Fertilize your shrubs

Your plants are going to start waking up in a month or so, and giving them food is an investment that will pay off. Find slow release fertilizer and spread it around your shrubs. The rain will take care of the rest, slowly releasing nutrients to the plant so it gets precisely what it needs over the next month or two.

Divide (some of) your plants

There are a wealth of plants in your yard that benefit from occasional dividing. Dividing gives plants more space to grow, more ability to absorb nutrients, and allows roots to flourish. They're also two plants for the price of one. Now is the ideal time to dig into those herbaceous perennials and divide those suckers and relocate. To do so, dig up the entire plant, generously going around the root ball. Lift it out of the ground, and then tease apart the roots with your hands or a sharp knife. You want each division to have at least three shoots. Replant them within the day, and give them a drink of water and a little shade for a few days.
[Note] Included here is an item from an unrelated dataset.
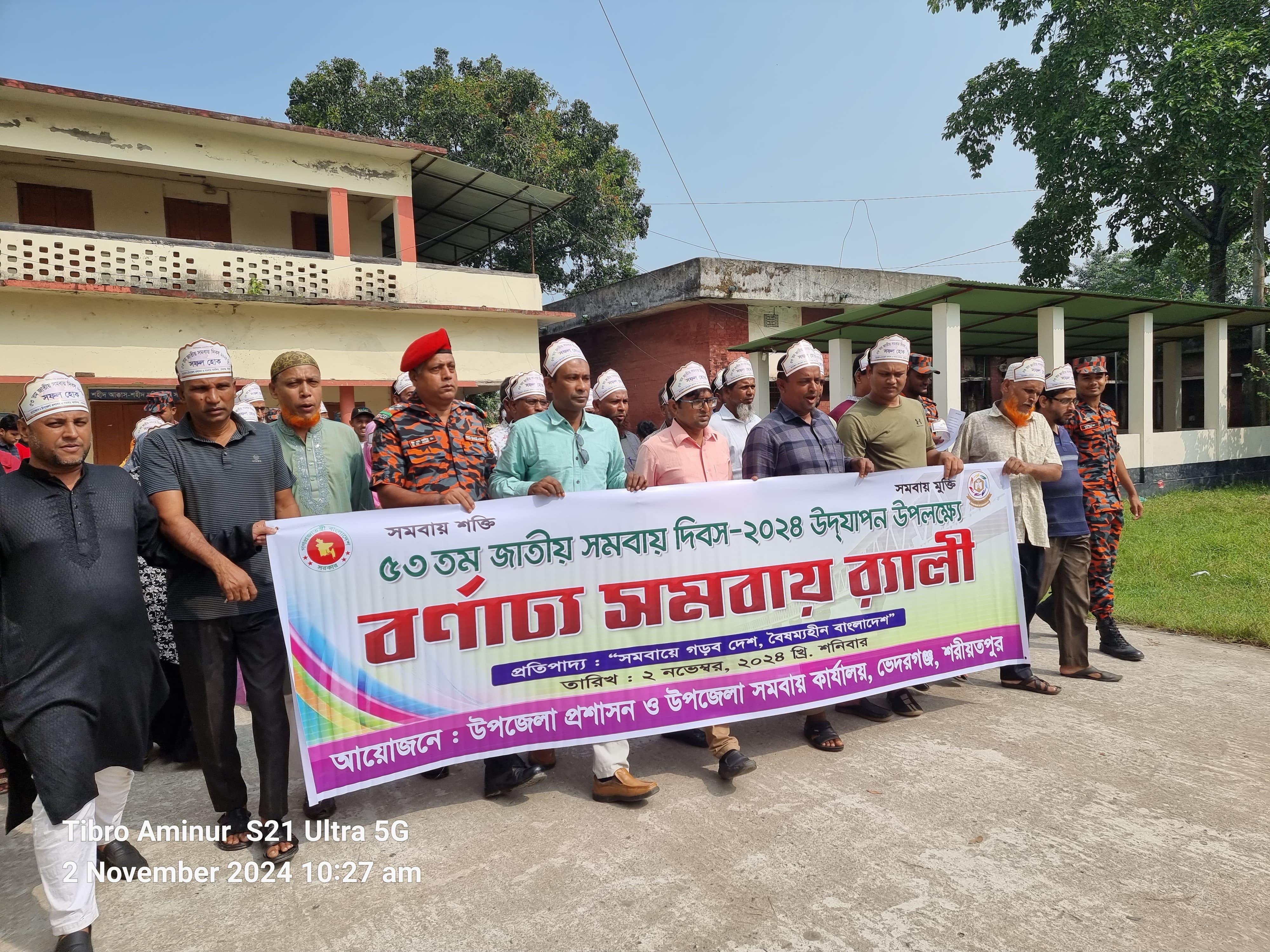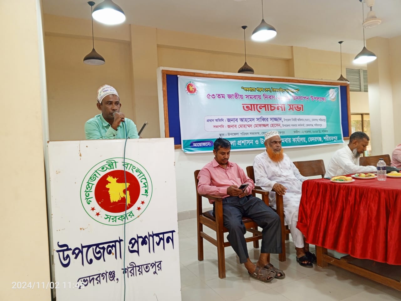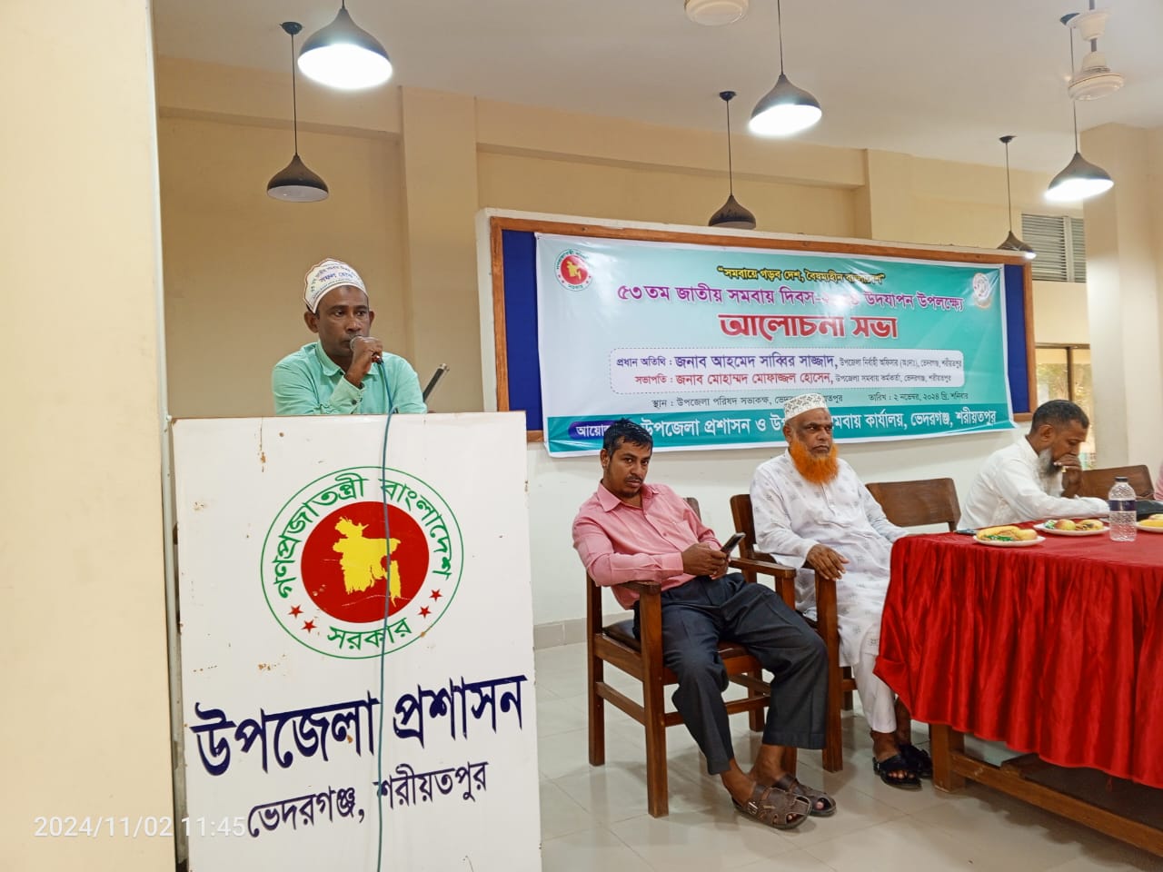 গত ০২-১১-২০২৪ খ্রি. তারিখ রোজ শনিবার সারা দেশের ন্যয় ভেদরগঞ্জ উপজেলায়ও জাঁকজমকভাবে ৫৩তম জাতীয় সমবায় দিবস ২০২৪ উদযাপন করা হয়। দিবস উদযাপন উপলক্ষ্যে জাতীয় সঙ্গীত বাজানোর মধ্য দিয়ে জাতীয় ও সমবায় পতাকা উত্তোলণ করা হয়। এর পর সমবায়ীদের অংশগ্রহণে এক বর্ণাঢ্য র্যালী উপজেলা পরিষদ প্রদক্ষিণ করে । দিবসের তাৎপর্য ও গুরুত্ব সম্পর্কে এক আলোচনা সভা অনুষ্ঠিত হয়। আলোচনা সভায় প্রধান অতিথি হিসেবে জনাব আহমেদ সাব্বির সাজ্জাদ, উপজেলা নির্বাহী কর্মকর্তা (অতিরিক্ত দায়িত্ব), ভেদরগঞ্জ, শরীয়তপুর মহোদয়ের উপস্থিত থাকা সম্ভব না হওয়ায় প্রধান অতিথির আসন অলংকৃত করেন জনাব মোঃ নজরুল ইসলাম, সিনিয়র উপজেলা মৎস্য কর্মকর্তা, ভেদরগঞ্জ, শরীয়তপুর। বিশেষ অতিথি হিসেবে উপস্থিত ছিলেন (ক) জনাব জি.এম. আমির হোসেন, স্টেশন অফিসার, ফায়ার সার্ভিস ও রেসকিউ স্টেশন, ভেদরগঞ্জ, শরীয়তপুর, (খ) জনাবেএনামুল হক, উপজেলা কো-অর্ডিনেটর, জাইকা, (গ) জনাব মোঃ হারুনুর রশিদ, বিশিষ্ট সাংবাদিক ওউপজেলা পর্যায়ের বিভিন্ন কর্মকর্তাবৃন্দ। আলোচনা সভার সভাপত্তি করেন জনাব মোহাম্মদ মোফাজ্জল হোসেন, উপজেলা সমবায় কর্মকর্তা, ভেদরগঞ্জ, শরীয়তপুর। পবিত্র কোরআন তেলওযাত ও গীতা পাঠের মাধ্যমে সভার কার্যক্রম ষুরু করা হয়। সভায় স্বাগত বক্তব্য রাখেন মোহাম্মদ মোফাজ্জল হোসেন, উপজেলা সমবায় কর্মকর্তা, ভেদরগঞ্জ, শরীয়তপুর। এর পরে সভায় বিশষ্টি সম বায়ীদের মধ্যে ০৫ জন সমবায়ী বক্তব্য রাখেন। বিশেষ অতিথিবৃন্দ ও প্রধান অতিথি মহোদয় সভায় গুরুত্বপূর্ণ বক্তব্য প্রদান করেন।

Now, this isn’t for all perennials, but the fall blooming perennials. Asters, astilbe, iris, bee balm, blanket flower, bleeding heart, daylily, phlox, hosta, lambs ear, agapanthus, ornamental grasses, and sedum are some common plants you should look to divide. 

Resist the urge to clean up

The first week of 50-degree weather sends everyone into their yards, eager to be back outside. While you should embrace the feeling, resist cleaning up the leaves and woody stems you so graciously left in fall. This includes grasses and plants like euphorbia. The beneficial insects that are using the leaves and stems to hibernate aren’t ready to exit quite yet. You’ll want to wait until closer to summer. In the meantime, those leaves and stems are becoming useful mulch and compost. Instead, redirect your energy into tuning up your lawnmower for the spring and hunting down every slug and snail that survived winter. 

Prune winter blooming plants

Remember, you prune plants after they've bloomed. So while we're leaving our summer blooming plants alone for now, the winter bloomers like winter jasmine and heather can be pruned back once their blossoms drop. Even late summer and fall bloomers like clematis can be pruned back now.

On the precipice of seeding

We’re still too far out for most of the U.S. to seed tomatoes, eggplants, and summer vegetables, but it is right around the corner. You can, however, get a crop of spring vegetables started, including broccoli, cabbage, lettuce, and other short crops. If you can find starts at the garden center, they can go in the ground as soon as the ground is workable. What can definitely go in the ground now are pea seeds, including sweet peas and edible pea pods. 

What you can seed right now is your earliest annual flowers: petunias, portulaca, sweet alyssum, and trailing nasturtiums, the flowers for hanging baskets and window baskets. You can start ginger and turmeric inside. 

Mostly, though, you should use this time to get your seed-starting supplies cleaned and sterilized with a mild bleach solution and ensure you have all the seeds you want for the year ahead.